Interpretive Summary: S-adenosylmethionine (SAM) is a naturally occurring compound in animal and plant tissues. Its main function is to supply a methyl group (a one carbon compound) to a variety of compounds during their metabolism. Once SAM gives up its methyl group it is converted to S-adenosylhomocysteine (SAH). This compound is important because it is further metabolized to homocysteine (a risk factor for cardiovascular disease). Determination of tissue SAM and SAH has usually been done by high pressure liquid chromatography. This manuscript describes a simple method that uses inherent electrical properties to separate and measure SAM and SAH. SAM and SAH in tissues are extracted with acid. The compounds are then separated in an aqueous buffer solution within a fine glass capillary to which an electrical current has been applied. The method is very sensitive and highly reproducible. Knowing tissue concentrations of SAM and SAH is important for areas of research including work with cancer and cardiovascular disease.

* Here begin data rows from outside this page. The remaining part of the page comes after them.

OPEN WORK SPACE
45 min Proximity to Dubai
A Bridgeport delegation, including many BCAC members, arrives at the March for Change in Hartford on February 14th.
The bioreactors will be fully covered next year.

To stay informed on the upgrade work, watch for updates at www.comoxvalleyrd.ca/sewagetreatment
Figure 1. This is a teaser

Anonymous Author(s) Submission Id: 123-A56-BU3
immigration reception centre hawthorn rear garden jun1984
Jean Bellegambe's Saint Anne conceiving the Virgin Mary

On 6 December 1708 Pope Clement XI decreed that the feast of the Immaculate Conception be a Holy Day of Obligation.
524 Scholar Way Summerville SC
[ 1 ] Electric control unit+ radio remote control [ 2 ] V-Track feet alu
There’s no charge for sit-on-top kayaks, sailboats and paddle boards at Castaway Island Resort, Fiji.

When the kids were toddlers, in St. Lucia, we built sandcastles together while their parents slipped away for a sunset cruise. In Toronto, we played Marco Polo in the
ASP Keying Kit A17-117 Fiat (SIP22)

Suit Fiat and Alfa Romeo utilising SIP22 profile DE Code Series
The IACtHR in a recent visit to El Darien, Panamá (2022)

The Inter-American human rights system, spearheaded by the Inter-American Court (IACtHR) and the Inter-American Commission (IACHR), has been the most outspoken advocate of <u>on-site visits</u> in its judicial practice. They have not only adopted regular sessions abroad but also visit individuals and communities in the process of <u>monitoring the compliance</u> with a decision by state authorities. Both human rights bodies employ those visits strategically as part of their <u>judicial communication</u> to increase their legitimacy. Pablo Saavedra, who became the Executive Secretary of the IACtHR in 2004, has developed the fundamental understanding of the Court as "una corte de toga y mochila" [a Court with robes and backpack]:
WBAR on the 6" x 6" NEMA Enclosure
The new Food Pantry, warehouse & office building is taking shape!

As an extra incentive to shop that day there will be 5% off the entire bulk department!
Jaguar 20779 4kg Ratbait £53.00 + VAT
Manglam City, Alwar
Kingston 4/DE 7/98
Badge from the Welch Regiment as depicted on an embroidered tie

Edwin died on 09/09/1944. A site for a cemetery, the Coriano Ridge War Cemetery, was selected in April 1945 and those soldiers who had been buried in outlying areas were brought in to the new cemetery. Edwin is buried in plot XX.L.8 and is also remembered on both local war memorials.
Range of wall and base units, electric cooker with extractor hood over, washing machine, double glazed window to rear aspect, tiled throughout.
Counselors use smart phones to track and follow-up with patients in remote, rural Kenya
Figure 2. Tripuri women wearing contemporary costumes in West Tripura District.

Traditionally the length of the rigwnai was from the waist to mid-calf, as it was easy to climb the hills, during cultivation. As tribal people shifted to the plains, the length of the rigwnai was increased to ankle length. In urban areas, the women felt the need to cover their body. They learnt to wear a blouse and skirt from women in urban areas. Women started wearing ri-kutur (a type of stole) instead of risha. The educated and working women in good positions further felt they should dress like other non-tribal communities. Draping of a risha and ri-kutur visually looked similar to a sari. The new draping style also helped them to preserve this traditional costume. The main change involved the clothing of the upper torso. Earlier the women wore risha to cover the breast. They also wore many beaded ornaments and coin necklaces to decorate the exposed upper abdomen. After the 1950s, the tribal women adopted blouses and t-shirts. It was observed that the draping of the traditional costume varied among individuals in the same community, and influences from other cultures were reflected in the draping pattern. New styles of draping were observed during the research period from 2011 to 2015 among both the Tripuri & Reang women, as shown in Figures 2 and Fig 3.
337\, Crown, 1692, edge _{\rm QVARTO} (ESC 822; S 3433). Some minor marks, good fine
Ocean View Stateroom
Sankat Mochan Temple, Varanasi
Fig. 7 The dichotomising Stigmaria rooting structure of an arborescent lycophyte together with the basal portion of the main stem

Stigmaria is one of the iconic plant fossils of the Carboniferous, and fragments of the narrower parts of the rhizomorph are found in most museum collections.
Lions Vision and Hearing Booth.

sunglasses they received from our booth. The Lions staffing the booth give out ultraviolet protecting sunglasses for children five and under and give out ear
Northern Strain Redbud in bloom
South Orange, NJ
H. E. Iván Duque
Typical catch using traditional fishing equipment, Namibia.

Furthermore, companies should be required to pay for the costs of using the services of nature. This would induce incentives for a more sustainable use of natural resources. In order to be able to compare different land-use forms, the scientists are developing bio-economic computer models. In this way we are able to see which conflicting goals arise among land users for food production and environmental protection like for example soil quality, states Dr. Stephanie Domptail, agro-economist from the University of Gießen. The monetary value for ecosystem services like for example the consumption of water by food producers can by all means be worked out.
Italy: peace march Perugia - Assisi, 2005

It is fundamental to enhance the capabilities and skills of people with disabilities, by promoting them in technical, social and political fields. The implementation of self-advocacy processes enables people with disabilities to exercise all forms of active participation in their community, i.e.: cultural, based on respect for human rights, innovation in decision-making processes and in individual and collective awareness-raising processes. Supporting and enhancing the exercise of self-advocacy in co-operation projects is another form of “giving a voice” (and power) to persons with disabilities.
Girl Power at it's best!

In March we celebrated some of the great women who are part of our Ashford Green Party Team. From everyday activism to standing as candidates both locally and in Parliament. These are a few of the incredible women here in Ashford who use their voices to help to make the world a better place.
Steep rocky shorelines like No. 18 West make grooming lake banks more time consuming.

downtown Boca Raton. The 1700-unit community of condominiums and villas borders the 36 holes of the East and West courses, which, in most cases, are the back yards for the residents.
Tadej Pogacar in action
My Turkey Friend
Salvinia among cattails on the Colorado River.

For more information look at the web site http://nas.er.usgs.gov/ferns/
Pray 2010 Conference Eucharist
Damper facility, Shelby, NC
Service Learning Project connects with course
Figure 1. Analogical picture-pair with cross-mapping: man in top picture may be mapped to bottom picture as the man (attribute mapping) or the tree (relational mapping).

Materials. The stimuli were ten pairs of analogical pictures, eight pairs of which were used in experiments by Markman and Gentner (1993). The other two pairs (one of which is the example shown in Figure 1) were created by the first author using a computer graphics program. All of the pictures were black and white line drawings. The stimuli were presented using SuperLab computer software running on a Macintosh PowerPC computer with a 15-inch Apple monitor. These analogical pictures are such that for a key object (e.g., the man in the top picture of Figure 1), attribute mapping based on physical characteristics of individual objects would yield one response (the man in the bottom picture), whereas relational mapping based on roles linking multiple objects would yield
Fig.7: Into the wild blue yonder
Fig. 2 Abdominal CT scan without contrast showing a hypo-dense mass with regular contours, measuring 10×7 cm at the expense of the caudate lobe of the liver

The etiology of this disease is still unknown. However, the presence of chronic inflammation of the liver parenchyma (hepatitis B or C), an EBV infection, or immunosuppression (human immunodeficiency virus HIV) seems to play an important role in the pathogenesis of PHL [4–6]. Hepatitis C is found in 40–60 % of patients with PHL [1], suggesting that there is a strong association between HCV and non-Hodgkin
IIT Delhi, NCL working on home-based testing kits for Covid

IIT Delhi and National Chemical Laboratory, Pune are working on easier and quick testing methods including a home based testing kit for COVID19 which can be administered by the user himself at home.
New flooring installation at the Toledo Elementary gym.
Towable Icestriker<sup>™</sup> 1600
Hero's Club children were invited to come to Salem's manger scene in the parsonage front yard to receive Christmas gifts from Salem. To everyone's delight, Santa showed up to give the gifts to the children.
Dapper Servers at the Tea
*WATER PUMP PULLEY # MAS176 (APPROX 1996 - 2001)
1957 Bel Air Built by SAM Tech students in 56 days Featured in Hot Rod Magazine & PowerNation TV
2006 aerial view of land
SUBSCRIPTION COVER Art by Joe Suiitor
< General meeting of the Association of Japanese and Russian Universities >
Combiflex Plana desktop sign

Technical Abstract: A capillary electrophoresis method for the determination of S-adenosylmethionine (SAM) and S-adenosylhomocysteine (SAH) in rat liver and kidney and mouse liver is described. The method can also be used to determine SAM in whole blood. The method provides rapid (approximately 16 min sample to sample) resolution of both compounds in perchloric extracts of tissues. Separation was performed by using an uncoated 50 um i.d. capillary 60 cm total length, 50 cm to detector window. Samples were separated at 22.5 kV and the separation running buffer was 180mM glycine pH 1.8. The method compares favorably to HPLC methods (r2 = 0.994 for SAM, r2 = 0.998 for SAH) and has a mass detection limit of about 10 fmol for both SAM and SAH at a signal-to-noise ratio of 3. The method is linear over ranges of 1-100 nmol SAM/mL and 1-250 nmol SAH/mL. This method can be used to determine tissue concentrations of SAM and SAH, two metabolites than can provide insight into many biological processes.